Palindrome: Implement a function to check if a linked list is a palindrome

Analyse the problem statement together

Before we think about code, let’s make sure we agree on what this means.

A palindrome is something that reads the same forwards and backwards.

Examples with strings:

"racecar" → palindrome
"abba" → palindrome
"hello" → not a palindrome

Now apply that idea to a linked list.

If the linked list is:

Input

1 → 2 → 3 → 2 → 1

This is a palindrome.

If the linked list is:

1 → 2 → 3 → 4

This is not a palindrome.

So effectively, the values from the head moving forward should match the values from the tail moving backward.

Sounds simple, right?
But here’s the catch: linked lists don’t let you move backward.

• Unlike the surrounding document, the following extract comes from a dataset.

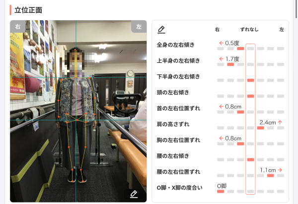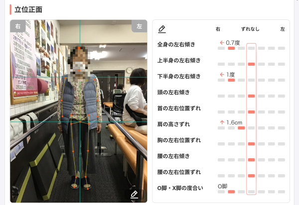 ケアプラスでは年4回立った状態でいろんな姿勢を撮り、細かく数値を出し、今のご自身が真っすぐ立てているのか、それとも曲がっているのかを評価しています。

And that’s where the interview really begins.

Questions for the interviewer

Before jumping into solutions, this is the moment where you pause and ask clarifying questions. Interviewers love this part because it shows how you think.

Here are the questions I would ask:

Can the linked list be empty?
Can it contain just one node?
Are we allowed to modify the linked list?
Do we care about extra space usage, or is any solution acceptable?
What kind of linked list is it — singly or doubly?

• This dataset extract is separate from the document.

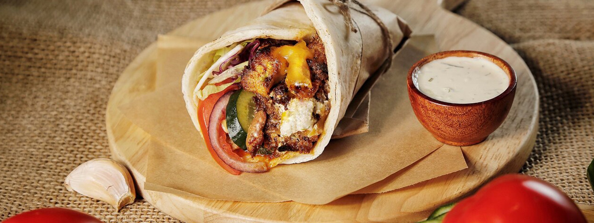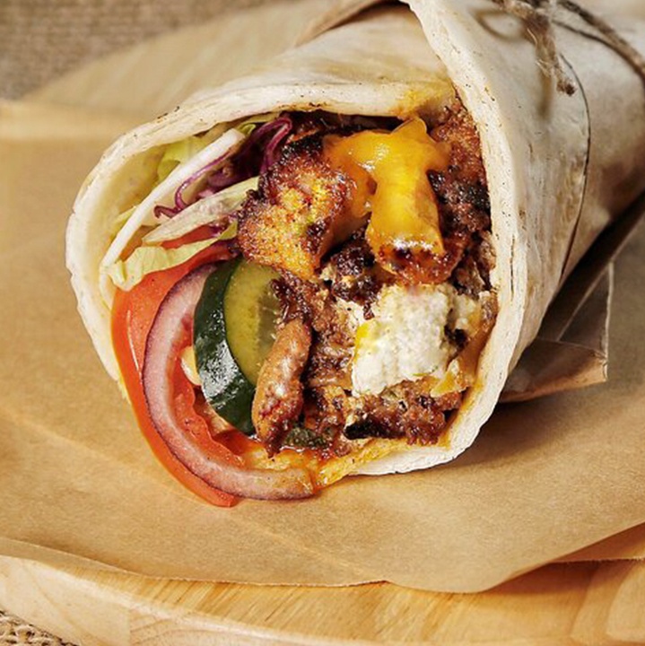 The Kebaby Roll có phần nhân thịt gà, phô mai, sốt cocktail mix tzatziki. Tôi lựa chọn tzatziki cho các món bánh bởi loại sốt truyền thống Địa Trung Hải này có vị đặc trưng từ sữa chua, làm giảm độ béo ngậy của thịt.

Most likely, you’ll hear answers like:

Yes, the list can be empty.
Yes, a single-node list should be considered a palindrome.
It’s a singly linked list.
Extra space is allowed, but a more optimal solution is preferred.
Try not to modify the list permanently.

Now we have constraints. And constraints shape solutions.

Think about the Solution

This is the part most candidates rush through. Don’t.

Ask yourself:

If this were an array, how would I solve it?
What makes a linked list harder here?
What information do I not have direct access to?

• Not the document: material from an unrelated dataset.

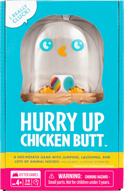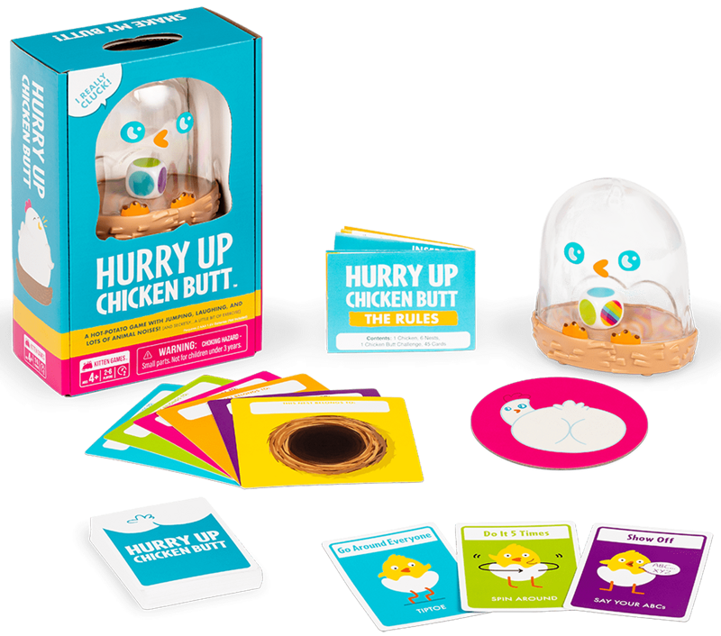 Hurry Up Chicken Butt is akin to a game of “hot potato”, but with a chicken-shaped shaker that clucks and holds the dice, with players needing to complete silly challenges in order to pass the chicken.

If this were an array, we’d simply use two pointers:

One from the start
One from the end
Compare values until they meet

But in a singly linked list, there’s no easy way to go backward.

So we need to get creative.

Let’s explore our options.

Approach 1: Convert Linked List to Array (Brute Force)

The simplest idea is:

Traverse the linked list
Store all values in an array or list
Use two pointers on the array to check for palindrome

This works. It’s easy to implement. And it’s totally acceptable as a first answer in an interview.

But it uses extra space.

Let’s analyze it:

Time Complexity: O(n)
Space Complexity: O(n)

Good starting point. But interviewers usually ask:

Can you do better?

Let’s keep going.

Approach 2: Reverse the Entire Linked List

Another idea:

Reverse the linked list
Compare the original and reversed list node by node

This sounds clever, but it comes with a problem:

You’re modifying the list
You either need to restore it or risk side effects

You can do it, but it’s messy and error-prone under interview pressure.

We can do better.

Approach 3: Reverse Only the Second Half (Preferred)

This is the approach most interviewers are hoping you reach.

The idea is simple once you see it:

Find the middle of the linked list
Reverse the second half
Compare the first half with the reversed second half
(Optional but good practice) Restore the list

Let’s break this down slowly.

Finding the Middle of the Linked List

We use the classic slow and fast pointer technique.

Slow pointer moves one step at a time
Fast pointer moves two steps at a time

When the fast pointer reaches the end:

Slow pointer will be at the middle

This works for:

Even-length lists
Odd-length lists

If the list has odd length, we can skip the middle element — it doesn’t affect palindrome symmetry.

Reversing the Second Half

Once we reach the middle:

Reverse the linked list starting from the slow pointer
This gives us a new head for the second half

Now we have:

First half starting from the original head
Second half starting from the reversed list

Comparing Both Halves

Now it’s simple:

Move both pointers forward together
Compare values at each step
If any mismatch occurs → not a palindrome

If all values match → it is a palindrome.

Write code and explain

Now let’s translate this idea into code.

Java code

class ListNode {
    int val;
    ListNode next;

    ListNode(int val) {
        this.val = val;
        this.next = null;
    }
}

public class PalindromeLinkedList {

    public static boolean isPalindrome(ListNode head) {
        if (head == null || head.next == null) {
            return true;
        }

        // Step 1: Find the middle
        ListNode slow = head;
        ListNode fast = head;

        while (fast != null && fast.next != null) {
            slow = slow.next;
            fast = fast.next.next;
        }

        // Step 2: Reverse second half
        ListNode secondHalfHead = reverse(slow);

        // Step 3: Compare both halves
        ListNode firstHalf = head;
        ListNode secondHalf = secondHalfHead;

        while (secondHalf != null) {
            if (firstHalf.val != secondHalf.val) {
                return false;
            }
            firstHalf = firstHalf.next;
            secondHalf = secondHalf.next;
        }

        return true;
    }

    private static ListNode reverse(ListNode head) {
        ListNode prev = null;
        ListNode current = head;

        while (current != null) {
            ListNode nextTemp = current.next;
            current.next = prev;
            prev = current;
            current = nextTemp;
        }

        return prev;
    }
}

Walk the Interviewer Through the Code

Here’s how I would explain it out loud:

First, I handle trivial cases like empty or single-node lists.
Then I use slow and fast pointers to locate the middle.
I reverse the second half of the list starting from the middle.
I compare nodes from the start and from the reversed second half.
If all values match, the list is a palindrome.

Clear. Logical. No surprises.

Time & Space Complexity

Time Complexity

Finding middle: O(n)
Reversing second half: O(n)
Comparing halves: O(n)

Overall: O(n)

Space Complexity

No extra data structures
Only pointers used

Overall: O(1)

Final Thoughts

This problem is a great example of why linked lists show up so often in interviews.

It’s not about memorizing tricks.
It’s about understanding constraints and adapting familiar ideas to new structures.

If you reached the reverse-second-half solution on your own — well done.
If not, that’s perfectly fine. That’s why we practice.

As always, take some time to re-read the code, maybe draw it on paper, and try explaining it out loud. That habit alone will set you apart in real interviews.

I’ll see you in the next one.

Until then — happy coding 👋